Los seres humanos usamos intensivamente las etiquetas como distintivos de status (¡ay la afición de algunos juristas a la bisutería jurídica!) de pertenencia a un grupo o de asunción de unos determinados valores. Pero las etiquetas son peligrosas y a menudo son causa de estereotipos auto confirmados.

Imaginemos que en una comunidad determinada, por diversos motivos, se asignan etiquetas a una parte importante de la población. A esas etiquetas las llamaremos azules y verdes, como en el hipódromo de Bizancio, pero puede usted llamarlas independentismo o unionismo, izquierda o derecha, blanco o blanquiverde… Y una vez repartidas las etiquetas imaginemos que los miembros de cada grupo prefieren cooperar con los que llevan su misma etiqueta y se muestran renuentes a cooperar con los que portan la etiqueta contraria. Si ambas comunidades usan la reciprocidad («tit for tat») resultará que la mera asignación previa de etiquetas hará aparecer amables a quienes portan nuestra misma etiqueta y hostiles a quienes portan la etiqueta contraria. La mera asignación de etiquetas creará grupos progresivamente hostiles entre sí, destruyendo o haciendo sumamente difícil la cooperación intergrupal y lo peor es que estos estereotipos serán estables en la sociedad aunque no tengan fundamento real alguno.

Está estrategia de verdes-azules tiene dos lamentables consecuencias, una que el conjunto de la población coopera peor y por tanto todos pierden, la segunda consecuencia es aún peor y es que, cuando un grupo supera en población a otro, aparecen las minorías que, a menudo, se convierten en minorías oprimidas y poco importa si la etiqueta es una bandera en la solapa de la chaqueta, el color de la piel o un símbolo religioso.

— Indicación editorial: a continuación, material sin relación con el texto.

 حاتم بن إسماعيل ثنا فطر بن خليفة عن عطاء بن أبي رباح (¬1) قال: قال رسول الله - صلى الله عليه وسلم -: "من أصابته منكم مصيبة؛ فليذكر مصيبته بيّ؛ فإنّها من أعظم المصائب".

Otras estrategias destinadas a afinar la cooperación son la reputación, generando en el resto de los individuos la creencia de que nunca dejarás pasar una ofensa para de esta forma disuadirlos de traicionar. Es quizá el caso de Gran Bretaña en Malvinas y es el caso, que seguro has visto, de quien enfadado grita:

—Yo por las buenas soy muy bueno pero ¡ay por las malas!

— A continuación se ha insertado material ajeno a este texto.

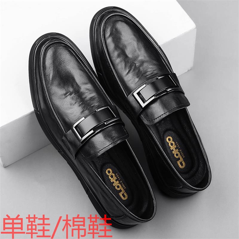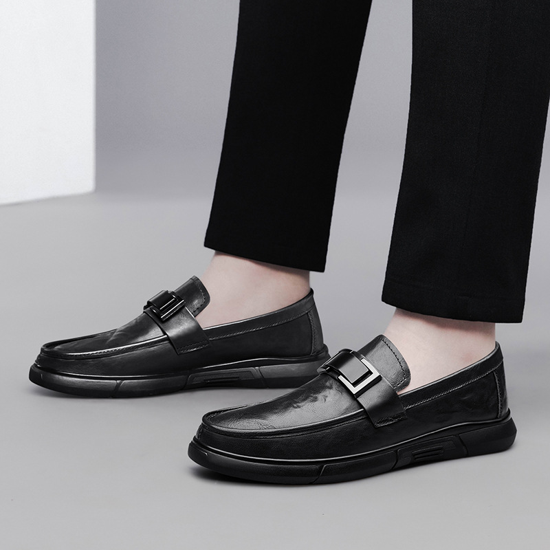 Zapatos de cuero casuales de negocios para hombres, zapatos de suela gruesa, zapatos de conducción de moda juvenil, cuatro estaciones, zapatos de cuero para hombres.

En el fondo no es más que una tan discutible como extendida campaña de creación de reputación.

Muchas otras herramientas existen pero cada una merecería un ensayo para sí misma y no es el objetivo de este ensayo profundizar en ellas. Si lo desean en otra ocasión las repasamos.

Ahora es ya momento de que pasemos a un ámbito capital en este ensayo de derecho natural: la teoría de juegos.

Ensayo sobre el derecho natural (IV): la máquina de las emociones

Ensayo sobre el derecho natural (IV): la máquina de las emociones

Marvin Minsky, uno de los padres de la inteligencia artificial, fue un científico que dedicó mucho tiempo al estudio de la mente humana y llegó a llamar al ser humano «The Emotion Machine» (La Máquina de las Emociones) porque entebdió que, en la base de todo comportamiento humano y en la base de su proceso de toma de decisiones se encontraban estas aplicaciones de programación de comportamientos desarrolladas por la evolución a las que llamamos emociones. Incluso propugnó que, si habíamos de diseñar una máquina inteligente, habríamos de dotarla de emociones pues son un recurso absolutamente genial para economizar y administrar eficazmente los escasos recursos de que disponen los seres vivos. Si un león nos ataca nuestro organismo disparará la emoción llamada «miedo» y, a partir de ese momento, todos los recursos de nuestro organismo se destinarán a correr como alma que lleva el diablo; si lo piensan un gran invento de la evolución.

Es importante entender el papel que juegan las emociones en la toma de decisiones por parte de los seres humanos y antes de pasar a estudiar estrategias complementarias de la reciprocidad —según les prometí en el capítulo anterior— creo que es necesario dedicar un poco de tiempo a estudiar, aunque sea de forma somera, el papel que juegan las emociones en nuestra vida.

Si observamos el comportamiento de los seres humanos en la vida cotidiana no nos costará descubrir en cuántas ocasiones las emociones determinan sus conductas. No necesito contarles cómo la naturaleza se encarga de que los padres sientan por sus hijos un amor (una poderosa emoción ¿verdad?) tan acrítico e indisimulado —sobre todo en sus primeros años de vida— que los ven los seres más hermosos del universo; y no se empeñe usted en discutir eso con una madre o un padre porque, aunque le reconozcan en un conato de lucidez que todos los niños son iguales, sus hijos, en su mirada y su mente, son únicos y es una de esas causas por las que mujeres y hombres se trasmutan. El amor paternofilial es una de esas emociones que hacen que un ser humano dé la vida por otro y eso padres y madres lo saben muy bien.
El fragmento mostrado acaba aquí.